4.1 MANNER OF TERMINATION. This Agreement may be terminated prior to
the expiration of the Consulting Period, as follows:
(a) BY THE COMPANY FOR CAUSE. At the option of and by written
notice from the Company, if the Company finds "Cause" for termination. For
purposes of this Agreement, the term "Cause" shall mean (i) any material breach
by Consultant of his obligations under the Stockholder Non-Competition Agreement
dated as of the date hereof between the Consultant and the Company (the
"Stockholder Non-Competition Agreement"); (ii) final conviction by Consultant of
a felony or any offense involving misappropriation of money; or (iii) the
Consultant's willful failure or refusal to perform the Consulting Services
contemplated hereby (which shall be deemed to include, without limitation,
disobeying reasonable directives of the Chief Executive Officer of the Company).
(b) BY CONSULTANT. By the Consultant at any time for any
reason.
(c) DEATH. Upon the death of the Consultant.
4.2 CONSEQUENCES OF TERMINATION. In the event that this Agreement is
terminated prior to the expiration of the Consulting Period by the Company other
than for Cause, the Company will continue to pay the Consultant the Consulting
Fee in the manner set forth in Section 3(a) for the remaining term of the
Consulting Period.

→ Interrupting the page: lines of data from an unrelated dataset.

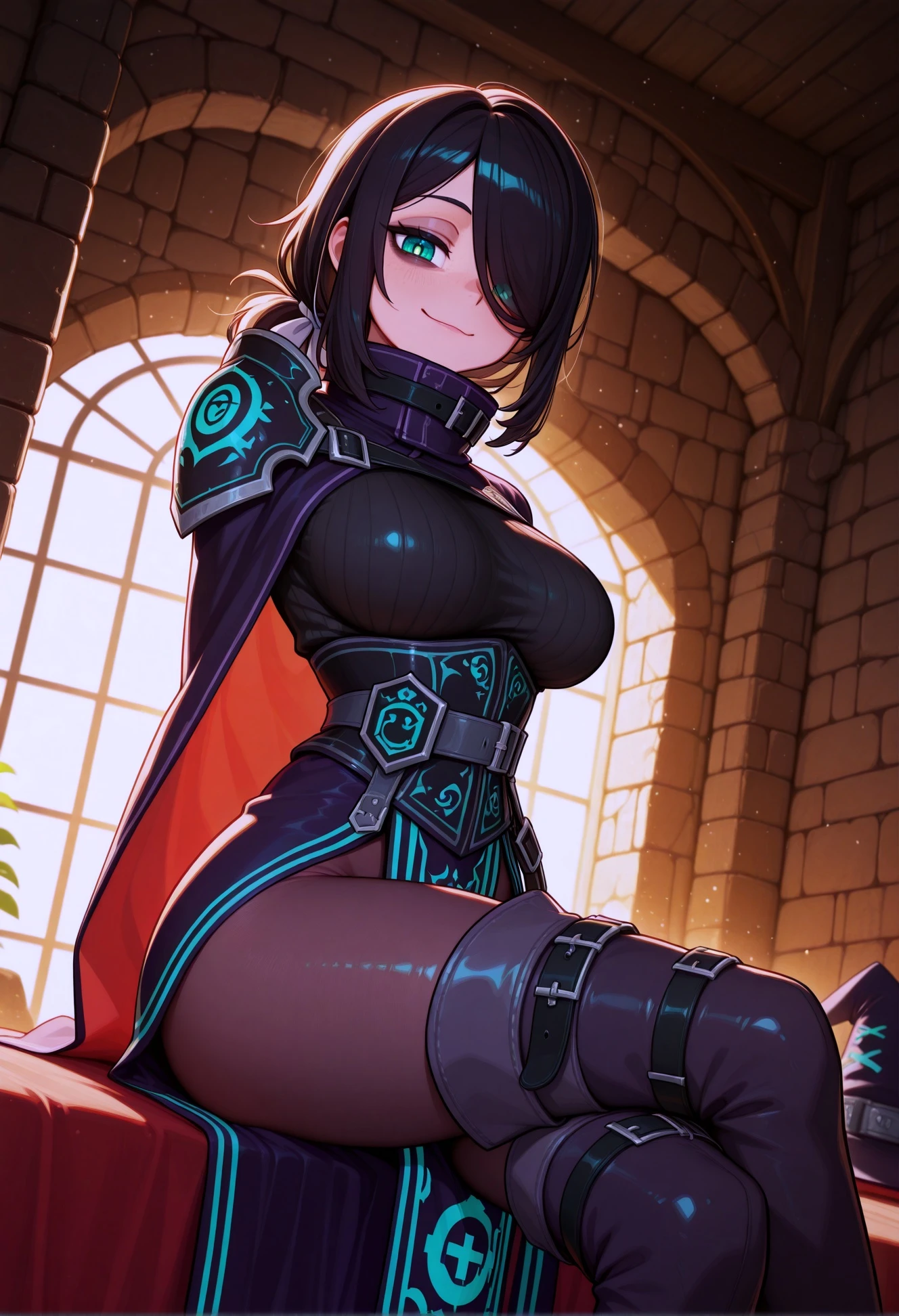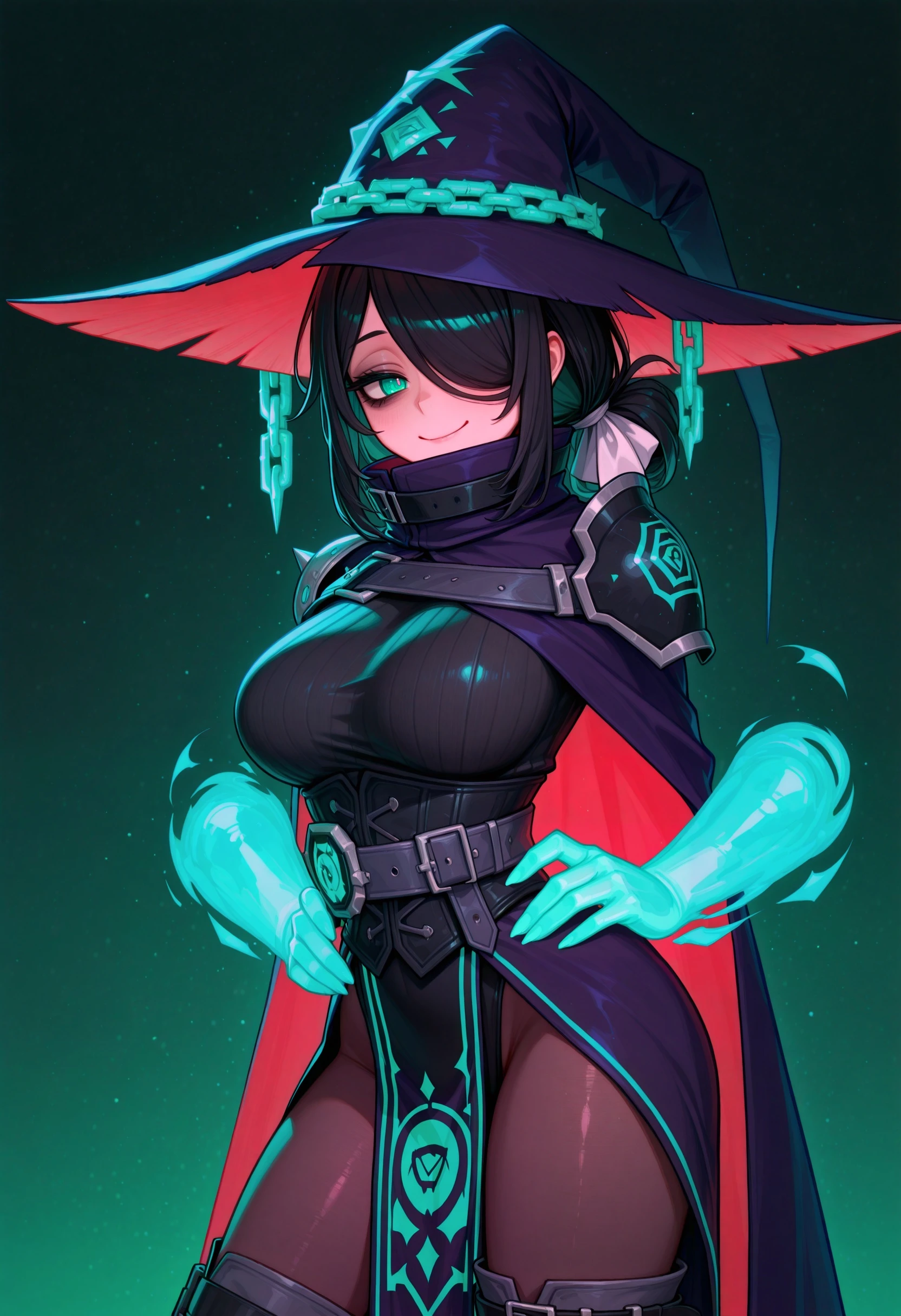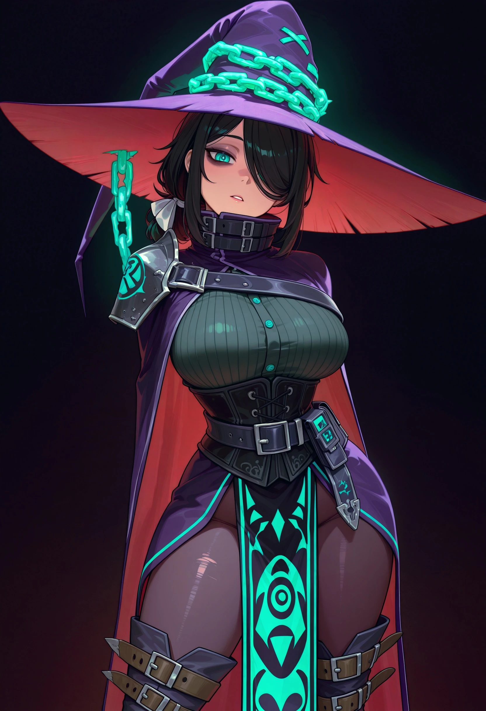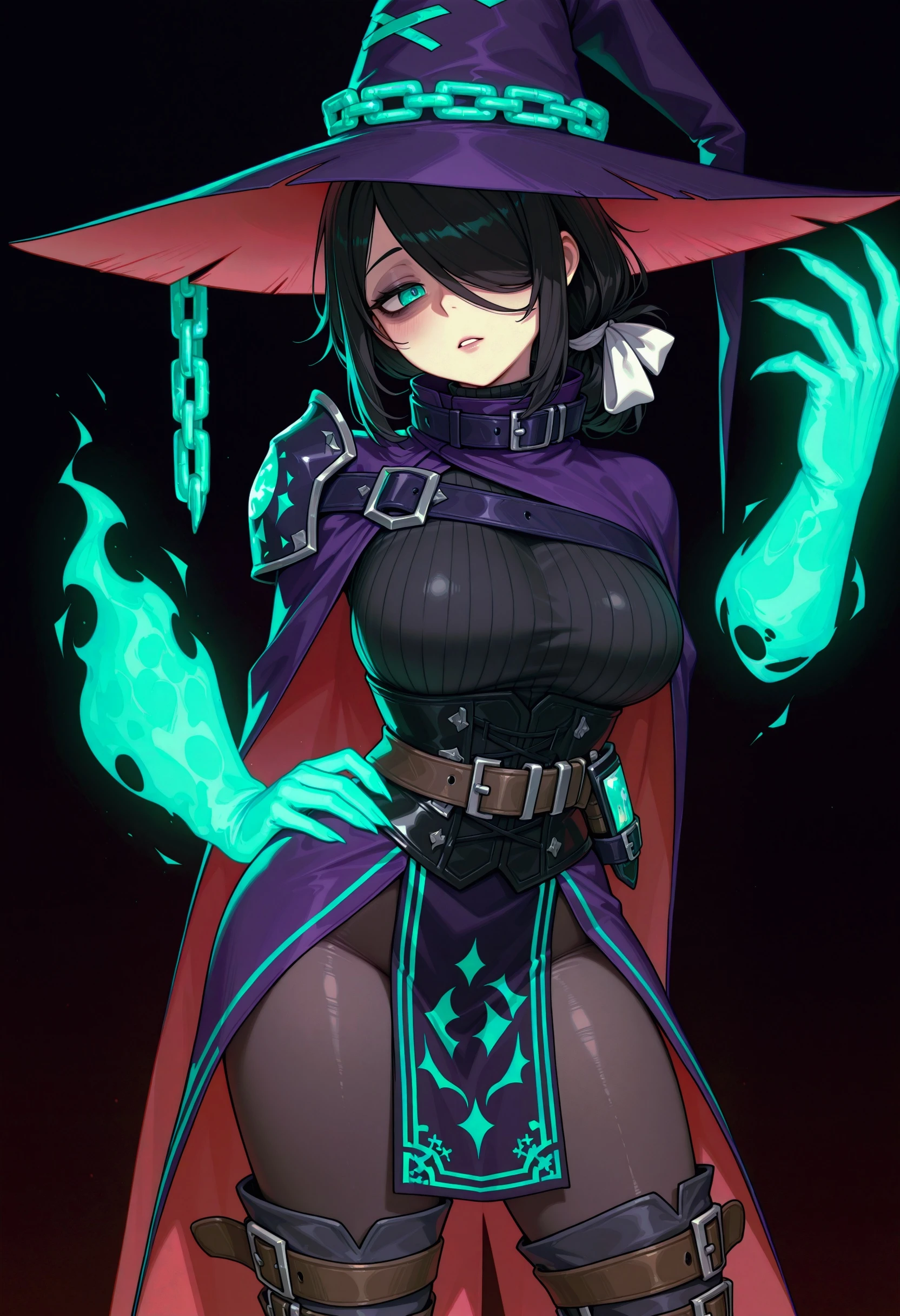 witch hat, hat chain, armless amputee, double amputee, detached arms, ghost hands, large breasts, black sweater, cloak, high collar, belt collar, single shoulder pad, grey shoulder pad, shoulder belt, black corset, high belt, purple showgirl skirt, pelvic curtain, pantyhose, thigh boots, damaged boots, boot beltsCasual Look
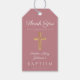 Personalized Pink Dusty Rose Religious Cross Girl Baptism Gift Tags.
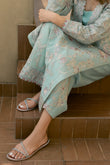 Introducing 'Uran', a breathtaking ensemble inspired by exquisite chinoiserie florals. Set against a serene sky blue canvas, this masterpiece features intricately detailed embroidery in multi-hued borders, paired with a matching embroidered dupatta and culottes. Perfect for making a stylish statement at your summer soirees.
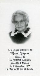 Sujet principal :MARIE GAGNON, EPOUSE DE PHILIAS GAGNON.

In the event that this Agreement is terminated prior to the
expiration of the Consulting Period by the Consultant, or is terminated by the
Company for Cause, all rights and obligations of the parties hereunder will
expire, except that any Consulting Fees and expenses that are owed to the
Consultant for services rendered prior to the date of termination shall be paid
to the Consultant or, if appropriate, his estate.
5. MISCELLANEOUS.
5.1 STATUS. Consultant acknowledges and agrees that his status at all
times shall be that of an independent contractor, and that he may not, at any
time, act as a representative for or on behalf of the Company for any purpose or
transaction, and may not bind or otherwise obligate the Company in any manner
whatsoever without obtaining the prior written approval of the Company therefor.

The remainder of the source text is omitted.